▸ **TASK INSTRUCTIONS**
Begin at the line with "FORD TRANSIT V363" and output every line through the end of the records, exactly as given. Omit pictures.
(RECORD EXTRACTS Opens)
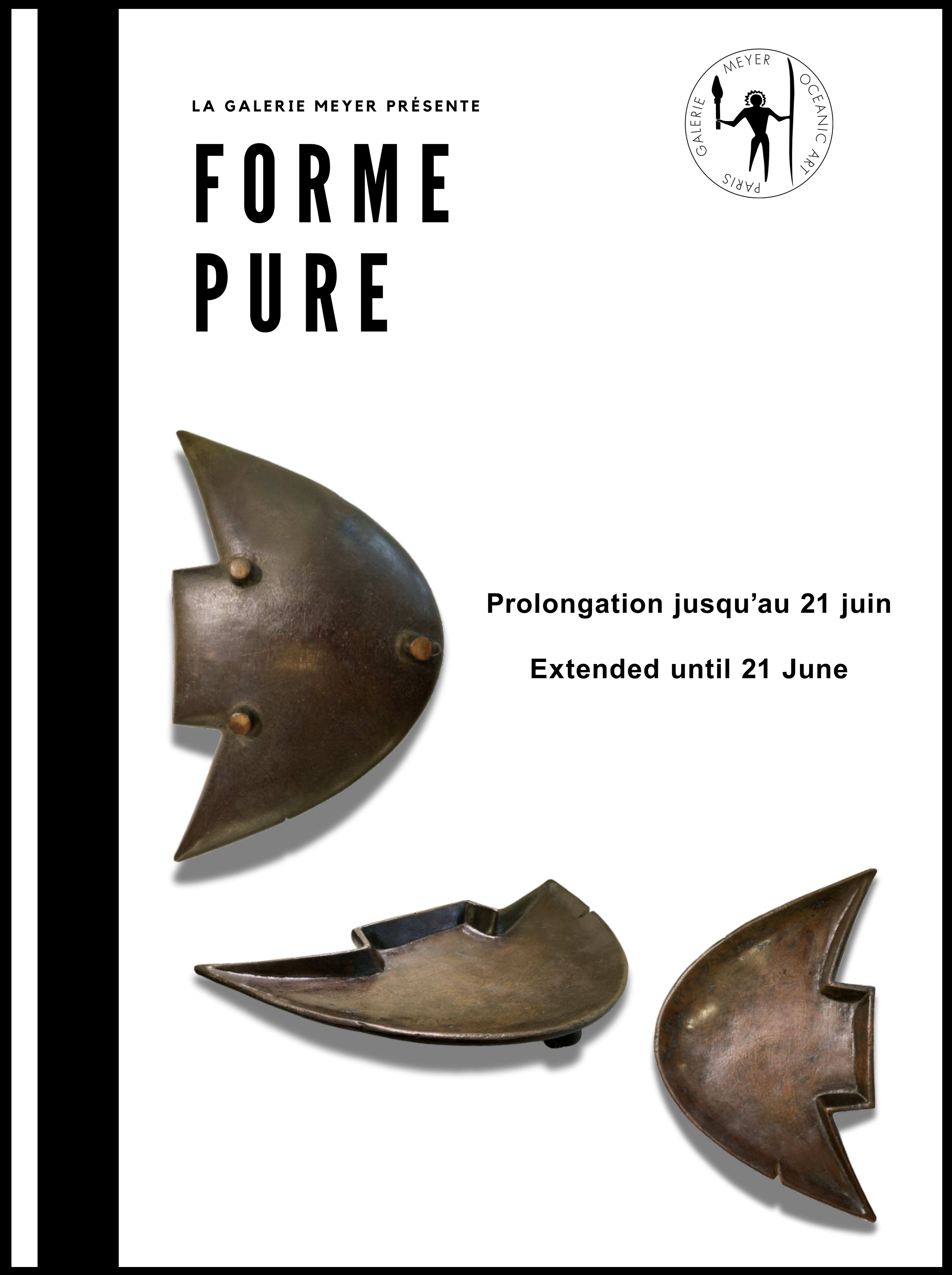 A very fine adze handle completely carved all over with a complex assemblage of geometric, zoomorphic, and anthropomorphic motifs. The handle terminates with a large ancestor head. Murik Lakes and Lower Sepik Bassin, PNG. Wood with a fine reddish coloration and an encrusted patina of age and usage.
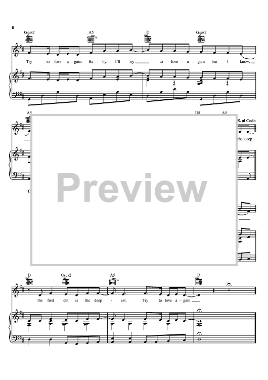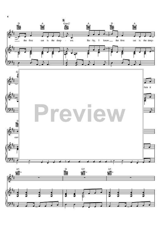 Digital Sheet Music for The First Cut Is The Deepest by Rod Stewart, Cat Stevens, Sheryl Crow scored for Piano/Vocal/Chords; id:375050
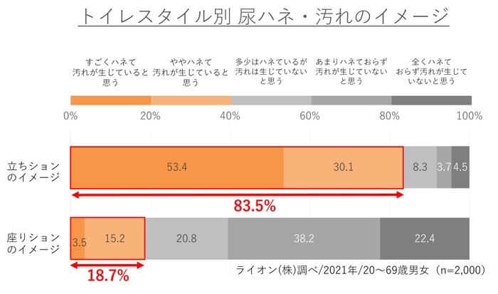 実際に小用のスタイルによる尿ハネ・汚れへの印象を聞いたところ、立ちションでは「尿がハネて汚れが生じていると思う」という人は83.5%の一方、座りションでは、18.7%にとどまりました。立ちションは、尿ハネでトイレを汚すイメージが強く、座りションなら、尿ハネ汚れを避けられるというイメージがあるようです。
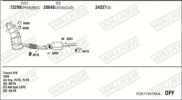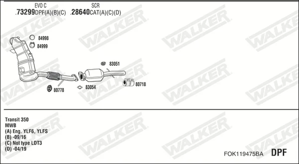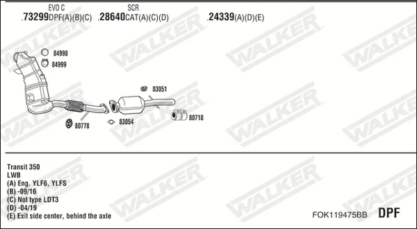 FORD TRANSIT V363 valník/podvozek (FED, FFD) 2.0 EcoBlue - Výfukový systém - kompletní od 3/2016, 1995 ccm, 77 kW, 105 hp, BJFA, BJFB, YLF6, YLFA, YLFB, YLFS, valník/podvozek
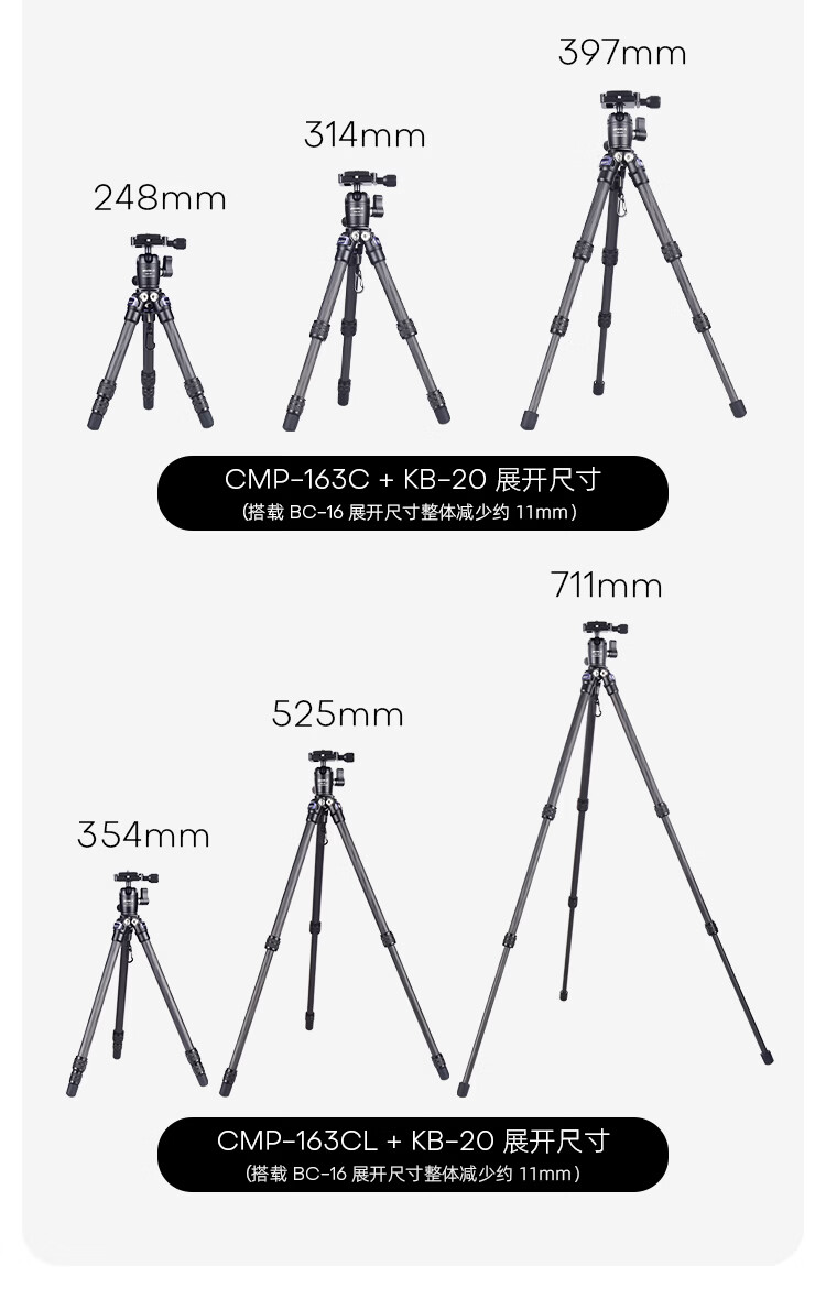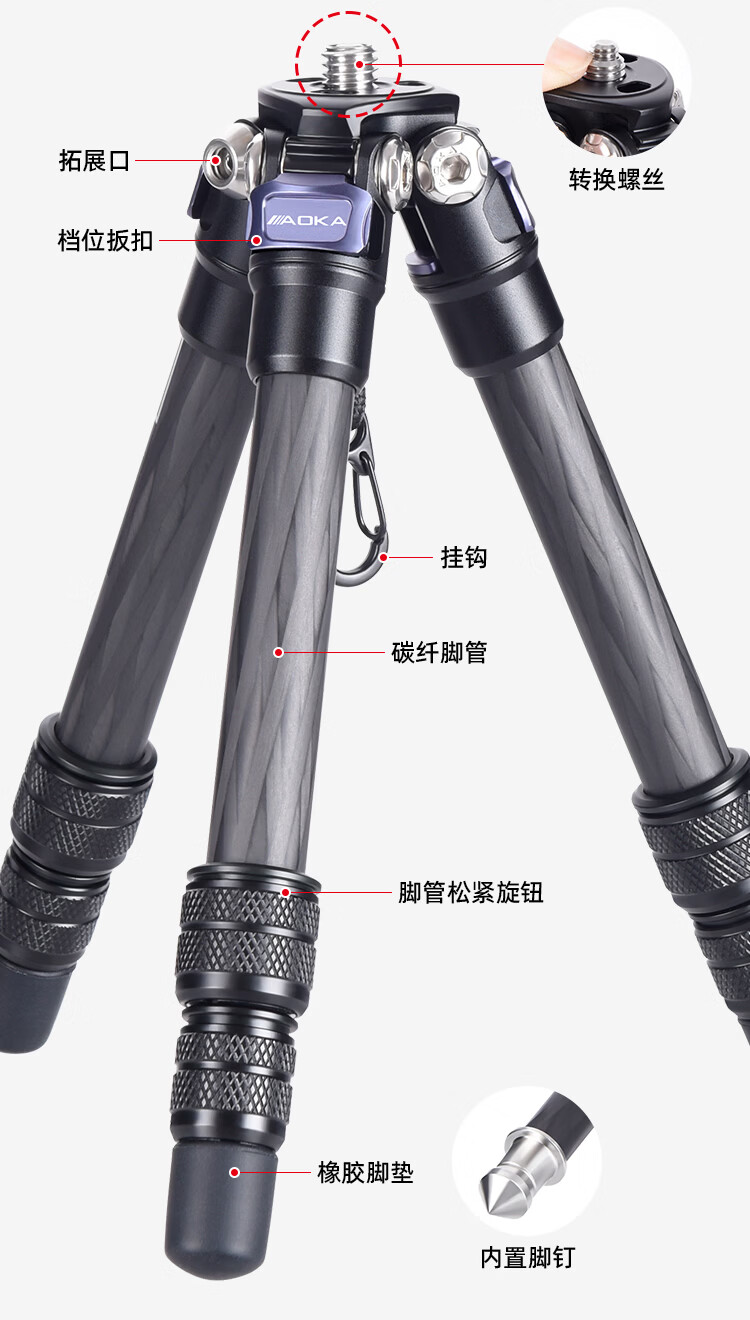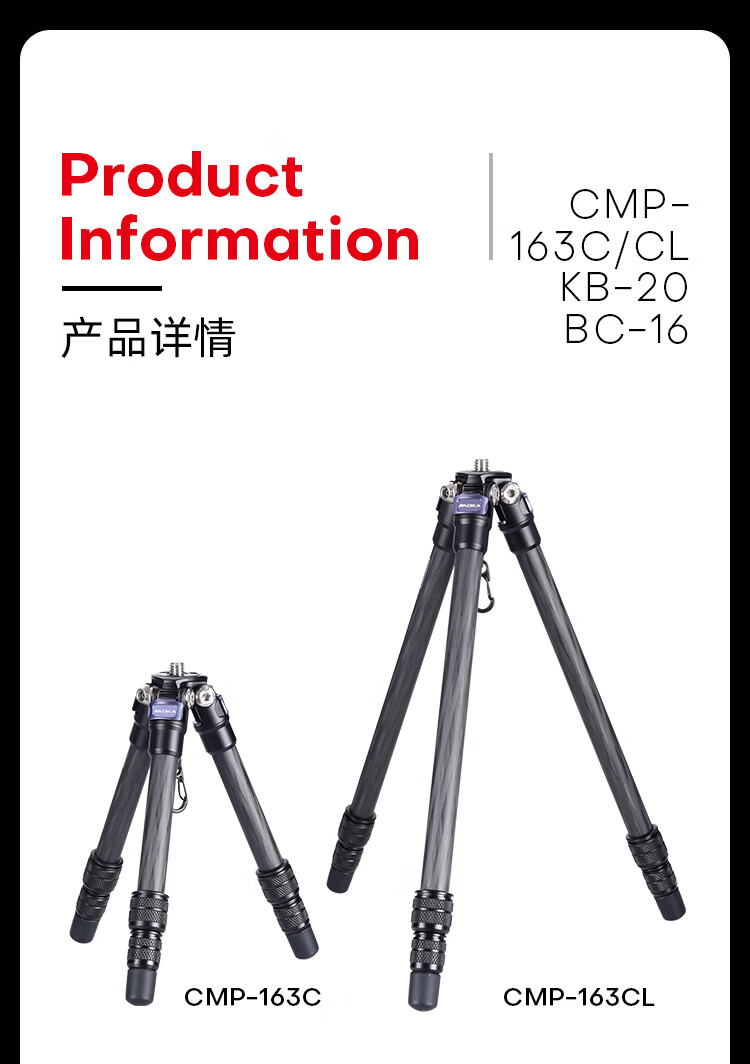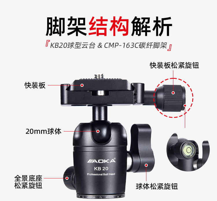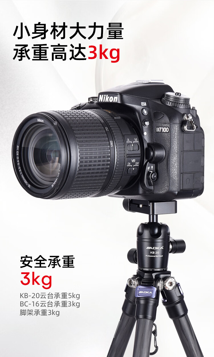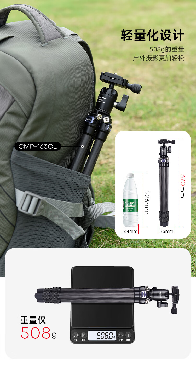 AOKA奥咔CMP163系列轻巧便携碳纤维三脚架手持单反微单摄影三角架手机旅行自拍直播拍摄vlog短视频 CMP163CL 脚架 + KB-20 + 中轴 + 手机夹
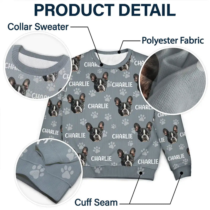 Custom Photo Funny Pet Face Pattern Dog Cat Family - Personalized Unisex Ugly Sweater
(RECORD EXTRACTS Closes)
▸ **EXERCISE OUTPUT**
 FORD TRANSIT V363 valník/podvozek (FED, FFD) 2.0 EcoBlue - Výfukový systém - kompletní od 3/2016, 1995 ccm, 77 kW, 105 hp, BJFA, BJFB, YLF6, YLFA, YLFB, YLFS, valník/podvozek
 AOKA奥咔CMP163系列轻巧便携碳纤维三脚架手持单反微单摄影三角架手机旅行自拍直播拍摄vlog短视频 CMP163CL 脚架 + KB-20 + 中轴 + 手机夹
 Custom Photo Funny Pet Face Pattern Dog Cat Family - Personalized Unisex Ugly Sweater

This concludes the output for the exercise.